Олесь метнул досадливый взгляд на простодушное лицо жены и посмотрел на Леонида. Но смеющиеся глаза его были устремлены на тарелку.

Зина с удовольствием хрустела огурцами, почти не прикасаясь к остальному. Положив мужчинам второе, она незаметно отодвинула свою тарелку.

— Почему ты не ешь? — хмуро спросил Терновой.

— Ну да, не ем! Ты просто не видишь.

Он продолжал глядеть на нее, и Зина, краснея под этим испытующим взглядом, принялась за котлету, но тут же поспешно встала и почти выбежала из комнаты, прижимая к губам салфетку.

Леонид посмотрел ей вслед, взглянул на неподвижное, словно окаменевшее лицо друга и удивленно спросил:

— Что с вами обоими? Все не ладите?

— Ладим, Леня. Отлично ладим. Мы с ней понимаем друг друга даже без слов. Давай откроем бутылочку пива и поговорим о чем-нибудь другом.

Он очень сосредоточенно выпил светло-желтое запенившееся пиво и, помолчав, сказал, словно они все время только об этом и говорили:

— Так, говоришь, Виктор женился? И счастлив? Как же это он с Калмыковым поладил?

— А она ушла от дяди. На работу поступила — ученицей в чугунолитейный, — с готовностью подхватил Леонид. — В общежитие ее устроили. Девчонка прямо расцвела. И, знаешь, хорошенькая такая!..

Он говорил и говорил, почти один, говорил, чтобы не дать повиснуть той гнетущей тишине, которая — чудилось — стоит за их плечами.

Но Леонид не мог долго выдерживать напряжение. Он скоро поднялся и простился, унося с собой впечатление, что у друга что-то неблагополучно. Он знал о чувствах Олеся к Марине, но вряд ли только этим объяснялось все, что происходит в его семье.

Беззаботный и веселый Леонид знал, конечно, что существуют несчастливые семьи, что не все складывается так, как хочет человек, но на собственном опыте он пока еще не испытал этого и потому вряд ли согласился бы с тем печальным утверждением, что жизнь — школа, в которой несчастье — лучший учитель, чем счастье.

Леонид настолько глубоко задумался, что едва не столкнулся с прохожим. Торопливый рывок в сторону, взаимные извинения — и он пришел в себя и огляделся.

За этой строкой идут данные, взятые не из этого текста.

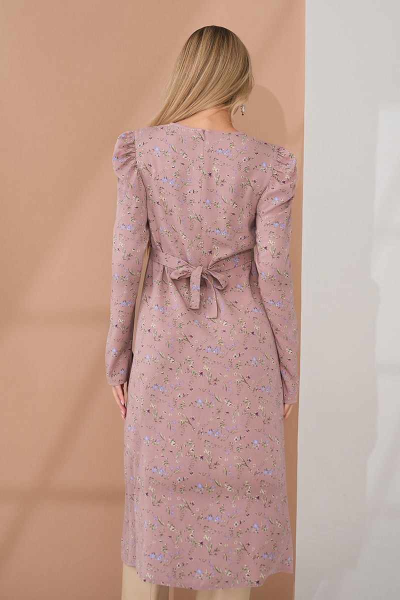 Отделка: рукава-буфы и эффектный разрез на юбке, смещенный в левую сторону.

Дневной жар заметно спадал, солнце низко висело над домами, и их длинные тени наискосок пересекали асфальт. В сквере, отделенном от панели чугунной, легкого рисунка решеткой, журчала вода из открытых для поливки кранов летнего водопровода, и это журчанье было слышно несмотря на шум — звонки трамваев, гудки машин, крики и смех играющих детей. В больших многоэтажных домах на проспекте Победы были открыты все окна и балконные двери, а во дворах на привычных местах беседовали группы женщин, играли баяны, заливалась и а всю улицу шальная радиола, кое-где уже яростно хлопали костяшки домино.

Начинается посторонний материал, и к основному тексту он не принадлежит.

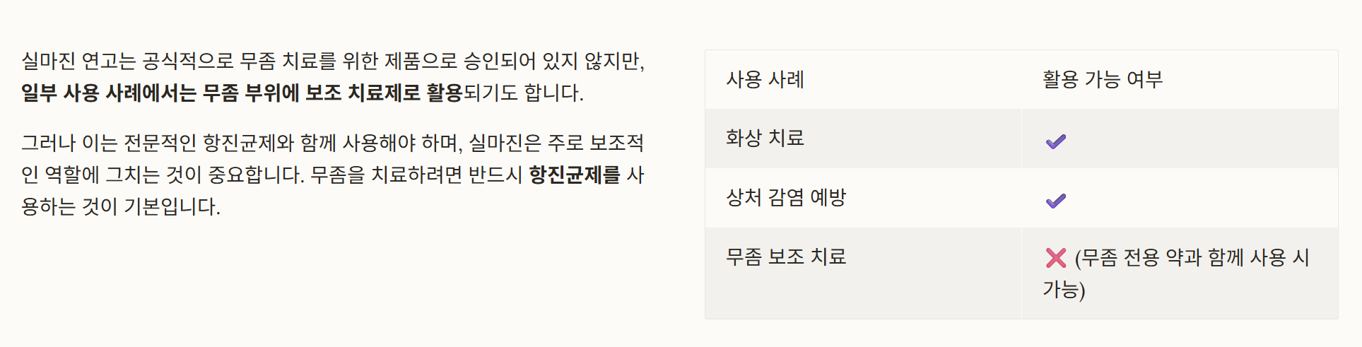 | 무좀 보조 치료 | ❌ (무좀 전용 약과 함께 사용 시 가능) |

Город жил привычной мирной жизнью. Но как знать, какие драмы, какие сложные сплетения обстоятельств, какие судьбы были там, за тюлем занавесей, за горшками растений’ Эти отдельные жизни с их радостями и тревогами, весельем, горем, со всей сложностью и простотой сливались в один общий поток. Поток — да, он стремился по единственно-правильному руслу, к единой цели. Но значило ли это, что и каждая отдельная капля в нем так же кристально-прозрачна, что каждая струйка имеет такой же прямой путь, не наталкивается на препятствия, не закручивается вдруг в водовороте?

После ухода Леонида Олесь вошел в комнату, где Зина убирала со стола. Лицо у нее было надутое, глаза красные.

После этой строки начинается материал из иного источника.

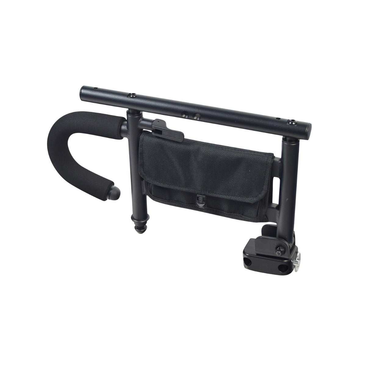 The 2-post flip-up armrest assembly for Quantum power chairs with Synergy or Tru-Balance power positioning seats is available in either a left-side or a right-side configuration. These armrest assemblies feature a full length 14" black waterfall armrest pad, a height adjustable upper armrest, the 2-post lower armrest, latch block, and the necessary hardware.

— Оставь-ка свои тарелки, Зина, садись сюда. Давай, поговорим, — сказал Олесь, садясь на диван.

— О чем? — передернула она плечами.

— Иди ко мне, сядь. Не хочешь? Ну, не надо. Зина, как же ты думаешь поступить, если у нас будет ребенок?

Тарелка едва не выскользнула из рук Зины, она подхватила ее и начала тщательно вытирать.

— Какой ребенок? — спросила, не глядя на мужа.

— Обыкновенный. Маленький. Как в других семьях бывают.

— С чего вздумал говорить об этом? Сто раз повторяла — рано нам ребенка. Не собираюсь я в няньки превращаться.

Говорила она вызывающе, почти грубо и все никак не могла кончить вытирать тарелку.

— Почему же ты мне в глаза не смотришь? Не бойся, я же ничего худого не хочу тебе. Может быть, тебе надо что-то мне сказать? — он говорил мягко, почти нежно.

— И что пристаешь? Все уже переговорено, — вздернула она плечами и направилась к двери.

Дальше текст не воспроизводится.